• **THE TASK**:
An image-free reproduction of the data below is needed: print it exactly.

• **DATA SECTION**:
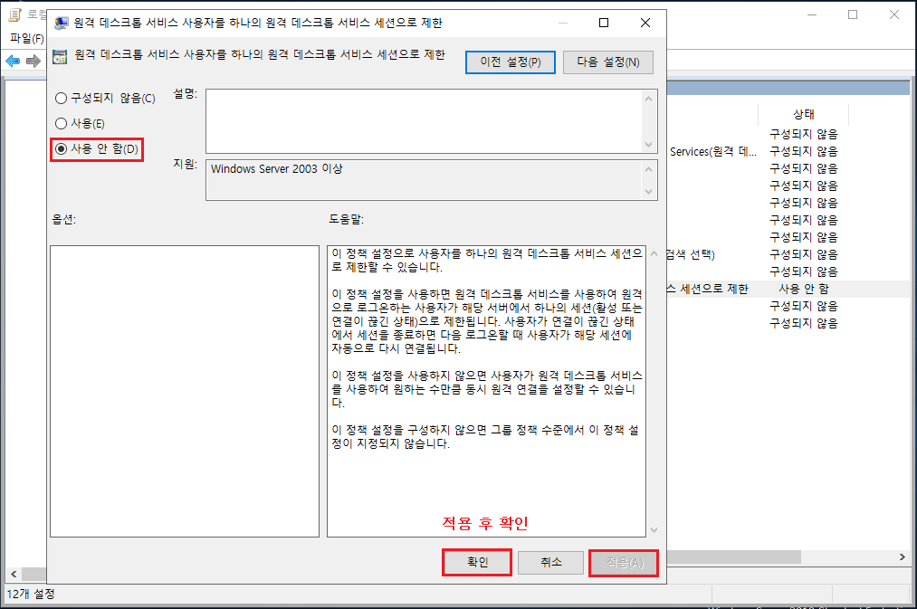 2-3 원격 데스크톱 서비스 사용자를 하나의 원격 데스크톱 서비스 세션으로 제한 ▶ 사용 안 함 적용
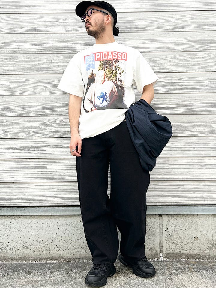 着心地:パブロピカソの写真がプリントされているカジュアルなTシャツ。
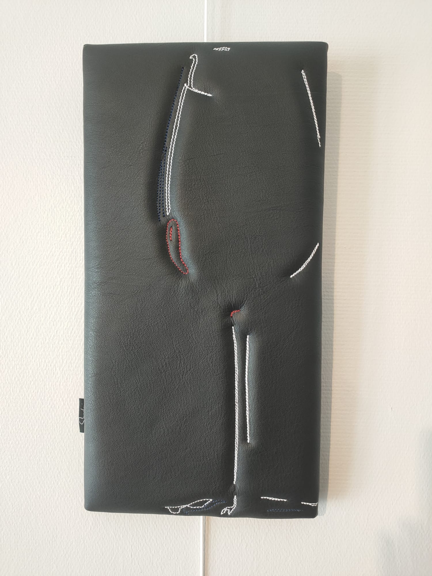 Un seul cuir de bovin compose ce tableau, le dessin est réalisé avec de la couture machine.
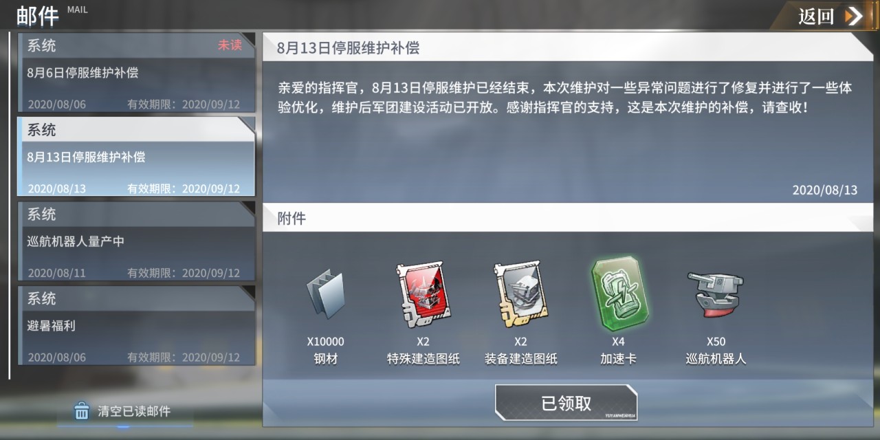 玩家也需要格外关注邮件的消息,因为系统还是很大方的,每次停服都会补偿4张加速卡。

• **SOLVED EXERCISE**:
 2-3 원격 데스크톱 서비스 사용자를 하나의 원격 데스크톱 서비스 세션으로 제한 ▶ 사용 안 함 적용
 着心地:パブロピカソの写真がプリントされているカジュアルなTシャツ。
 Un seul cuir de bovin compose ce tableau, le dessin est réalisé avec de la couture machine.
 玩家也需要格外关注邮件的消息,因为系统还是很大方的,每次停服都会补偿4张加速卡。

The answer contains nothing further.